**Prompt**: Please retype the listing exactly as it appears, skipping each picture.

**Given entries**:

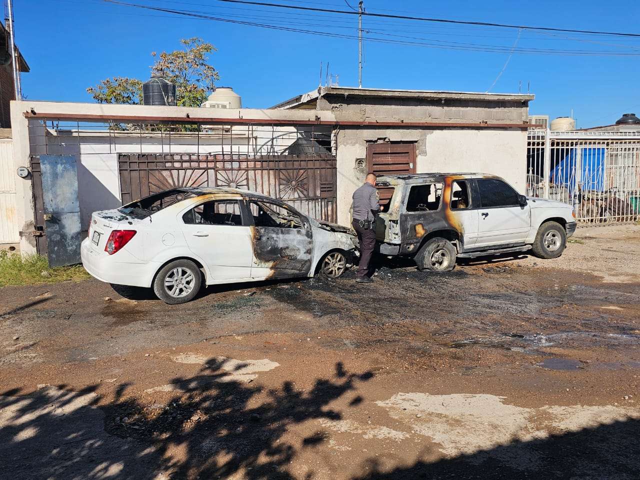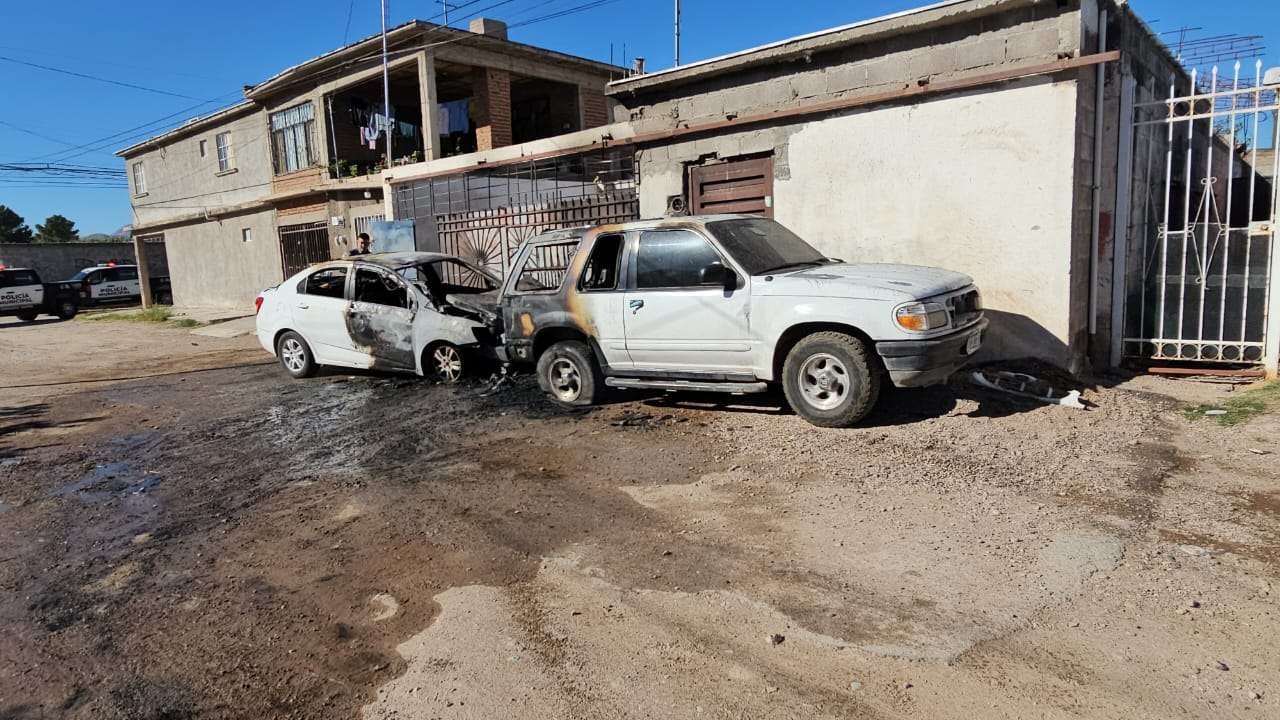 Chihuahua.- Un fuerte incendio de dos vehículos movilizó a autoridades en la Colonia 3 de mayo en la calle Felipe Ángeles cruce con 25 al sur de la ciudad.
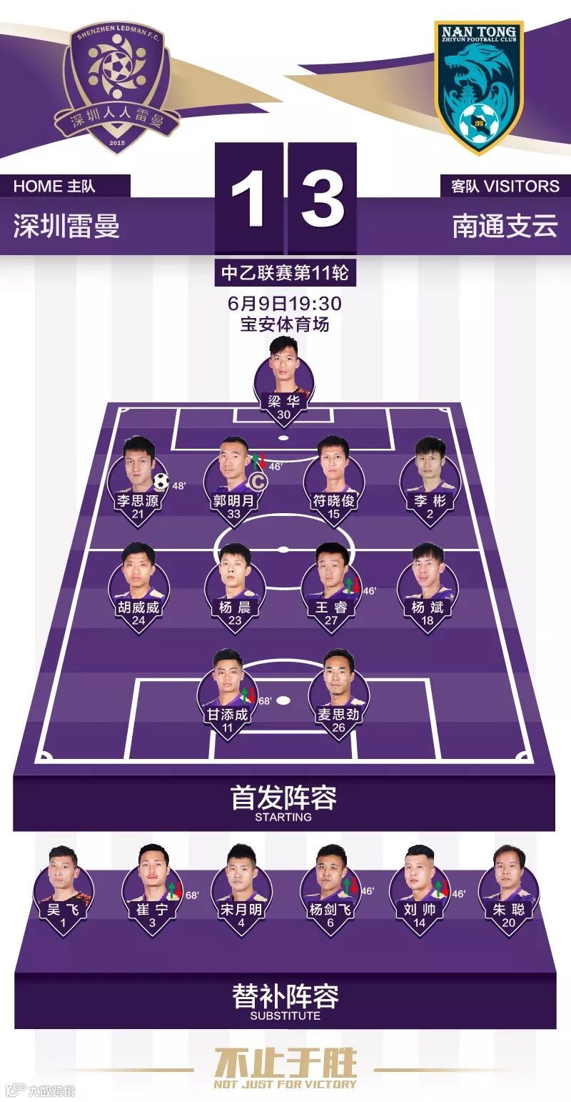 比赛第40分钟,南通支云后场长传策动进攻,锋线队员反越位成功后形成单刀球破门得分,南通支云队一球领先上半场。下半场第48分钟,深圳雷曼队扳平比分,李思源禁区前沿30米处迎球劲射破门。第49分钟,南通支云队边路传中头球进球,再次取得领先。下半场补时阶段,南通支云队反击中扩大比分。
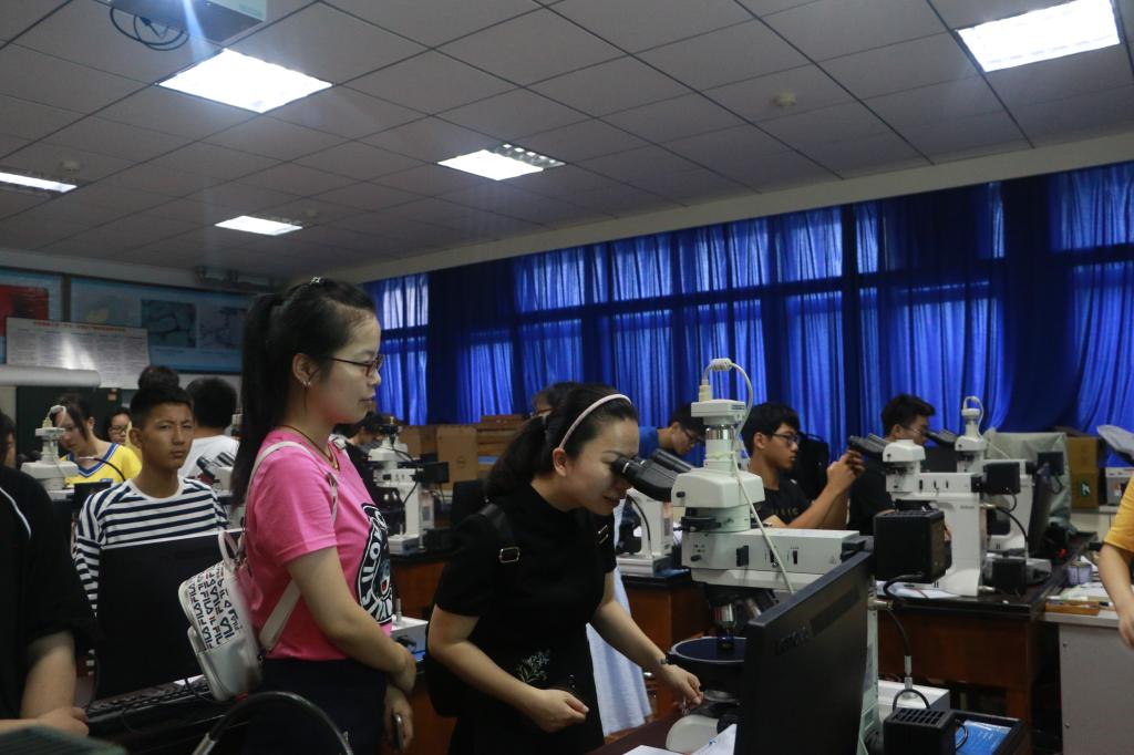 7月11日上午8:30,“体验地球科学之石头会说话”在主楼330、332实验室开展。江满容老师和刘安璐老师指导学生进行镜下光片鉴定和矿石标本观察。通过观察和实践,营员们了解了基本的矿石类型及矿产资源在国民经济发展中的重要作用。
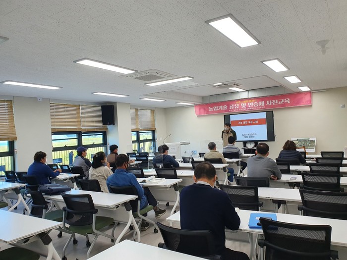 ※ 사진설명: 밀양시 농촌 신활력플러스사업 추진단 주최로 지난해 10월 밀양농업기술센터 농업인교육관에서 농업기술 공유 및 인증제 교육을 실시하고 있다.
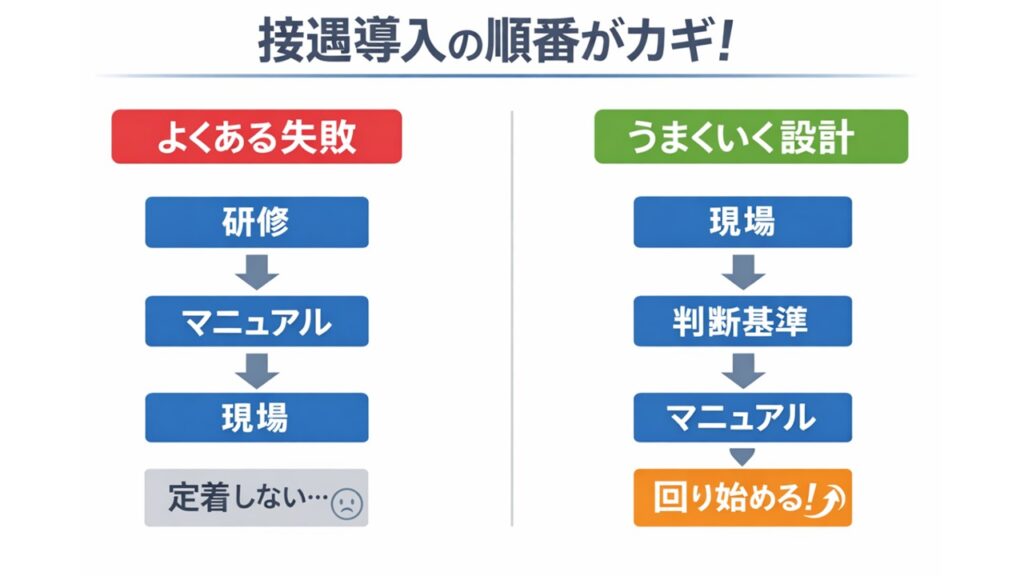 この順番で進めてしまうと、現場では運用が定着せず、接遇は形だけの取り組みになりやすくなります。
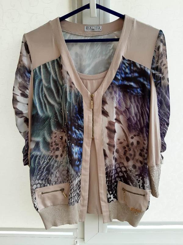 Нова нарядна кофточка, колір бежевий. При потребі надам додаткові фото і заміри. Підійде на розмір XL. Заміри: Довжина по спинці 64 см Ширина під руками 58 см Рукав від плеча 52 см.
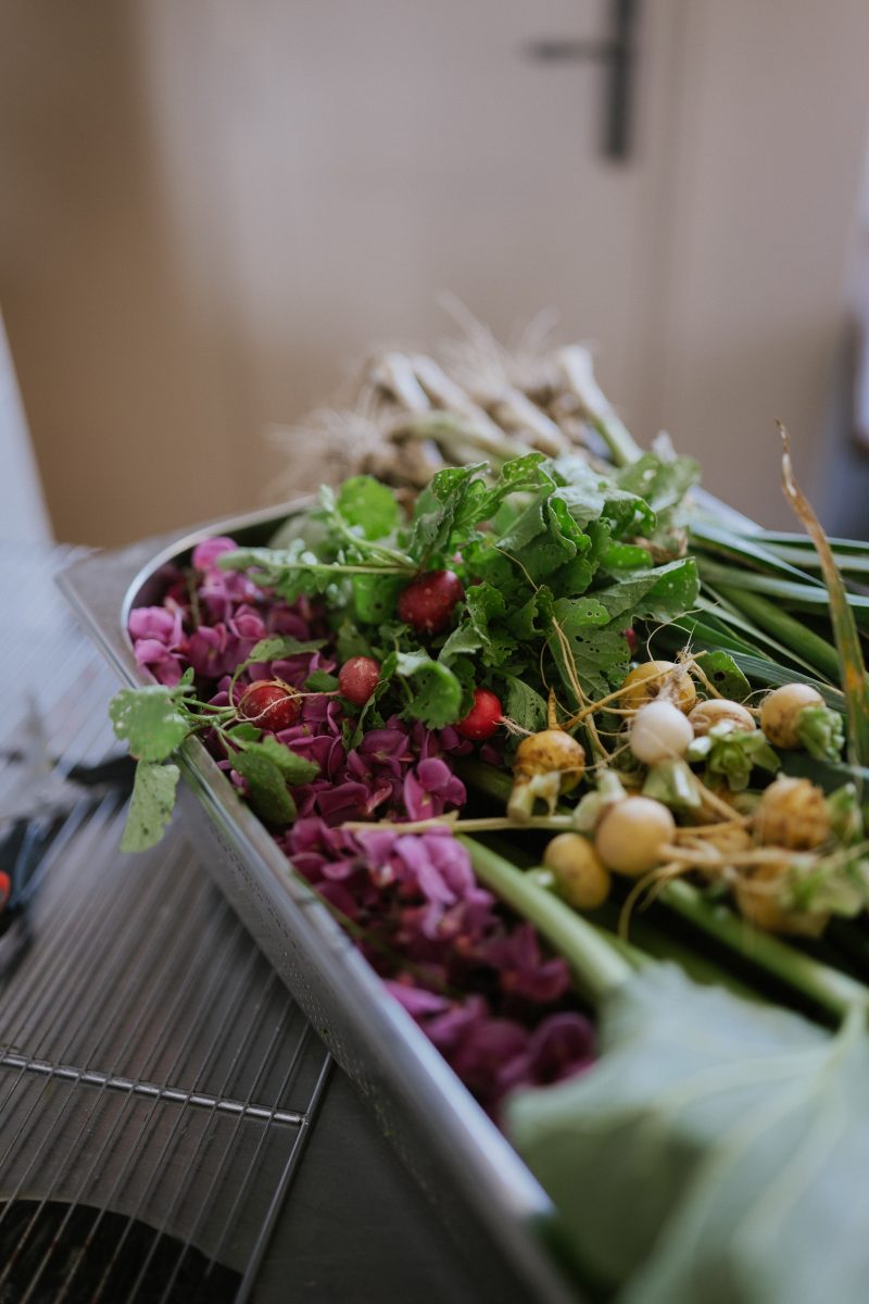 La production de fleurs qui décorent le restaurant est située à 300m de l’établissement. Florence cultive des fleurs à bouquets et comestibles de saison, sans intrants chimiques et privilégie les espèces anciennes, locales, spontanées et reproduit par semis, multiplication, division et bouturage.
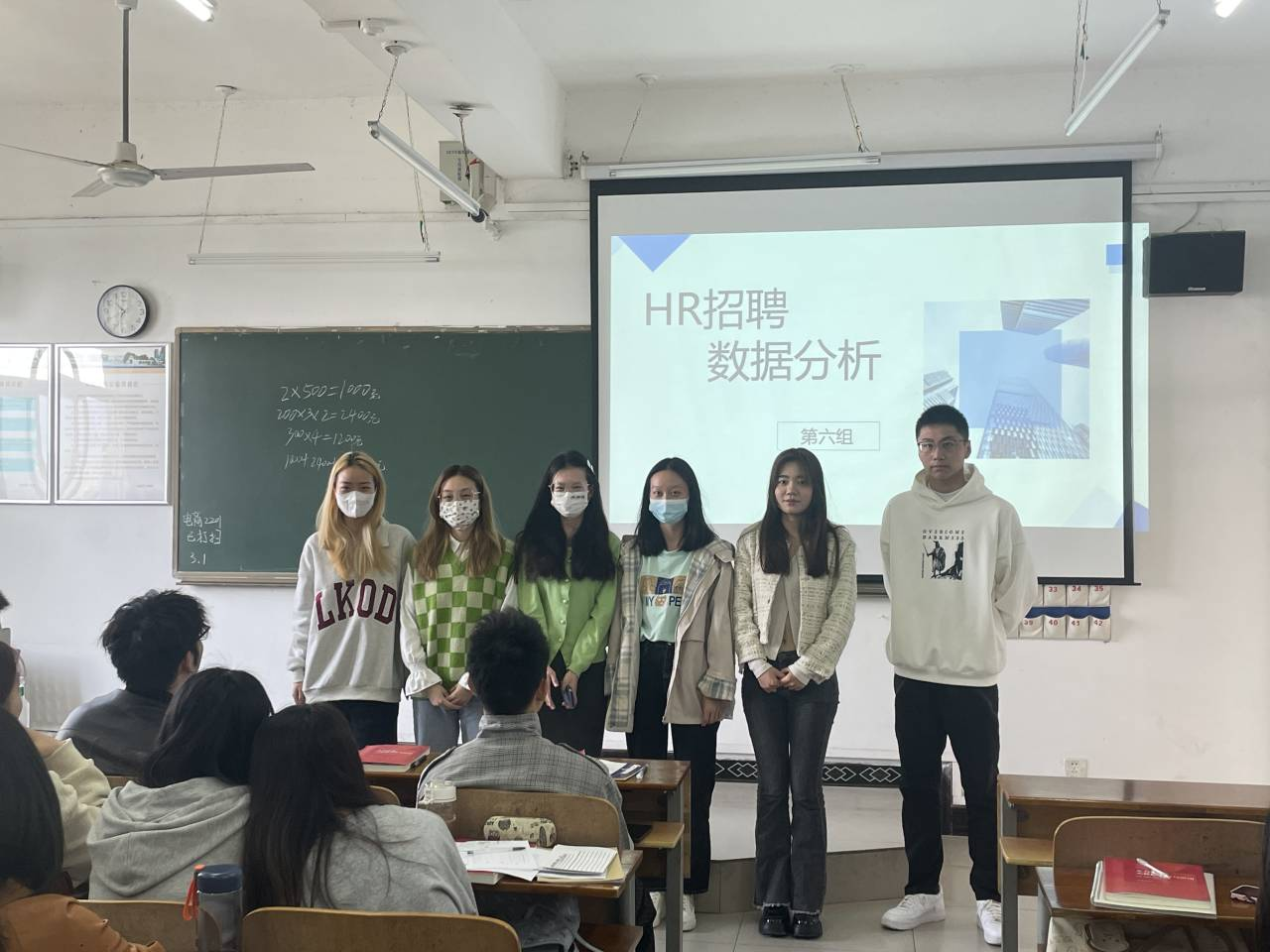 3月15日,人资2001班42名学生组成的6个研究团队,对人力资源大数据分析调查报告进行了课程汇报。
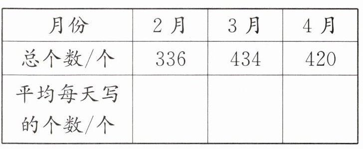 四、下表是明明写毛笔字的统计表,请完成下表。(2月按28天算)
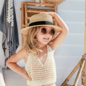 A must have for all tropical babies, the Capri Boater is the perfect little summer accessory for your fashionista. Capri Hats are hand made from high quality straw, with a black ribbon detail.

**Expected answer**:
 Chihuahua.- Un fuerte incendio de dos vehículos movilizó a autoridades en la Colonia 3 de mayo en la calle Felipe Ángeles cruce con 25 al sur de la ciudad.
 比赛第40分钟,南通支云后场长传策动进攻,锋线队员反越位成功后形成单刀球破门得分,南通支云队一球领先上半场。下半场第48分钟,深圳雷曼队扳平比分,李思源禁区前沿30米处迎球劲射破门。第49分钟,南通支云队边路传中头球进球,再次取得领先。下半场补时阶段,南通支云队反击中扩大比分。
 7月11日上午8:30,“体验地球科学之石头会说话”在主楼330、332实验室开展。江满容老师和刘安璐老师指导学生进行镜下光片鉴定和矿石标本观察。通过观察和实践,营员们了解了基本的矿石类型及矿产资源在国民经济发展中的重要作用。
 ※ 사진설명: 밀양시 농촌 신활력플러스사업 추진단 주최로 지난해 10월 밀양농업기술센터 농업인교육관에서 농업기술 공유 및 인증제 교육을 실시하고 있다.
 この順番で進めてしまうと、現場では運用が定着せず、接遇は形だけの取り組みになりやすくなります。
 Нова нарядна кофточка, колір бежевий. При потребі надам додаткові фото і заміри. Підійде на розмір XL. Заміри: Довжина по спинці 64 см Ширина під руками 58 см Рукав від плеча 52 см.
 La production de fleurs qui décorent le restaurant est située à 300m de l’établissement. Florence cultive des fleurs à bouquets et comestibles de saison, sans intrants chimiques et privilégie les espèces anciennes, locales, spontanées et reproduit par semis, multiplication, division et bouturage.
 3月15日,人资2001班42名学生组成的6个研究团队,对人力资源大数据分析调查报告进行了课程汇报。
 四、下表是明明写毛笔字的统计表,请完成下表。(2月按28天算)
 A must have for all tropical babies, the Capri Boater is the perfect little summer accessory for your fashionista. Capri Hats are hand made from high quality straw, with a black ribbon detail.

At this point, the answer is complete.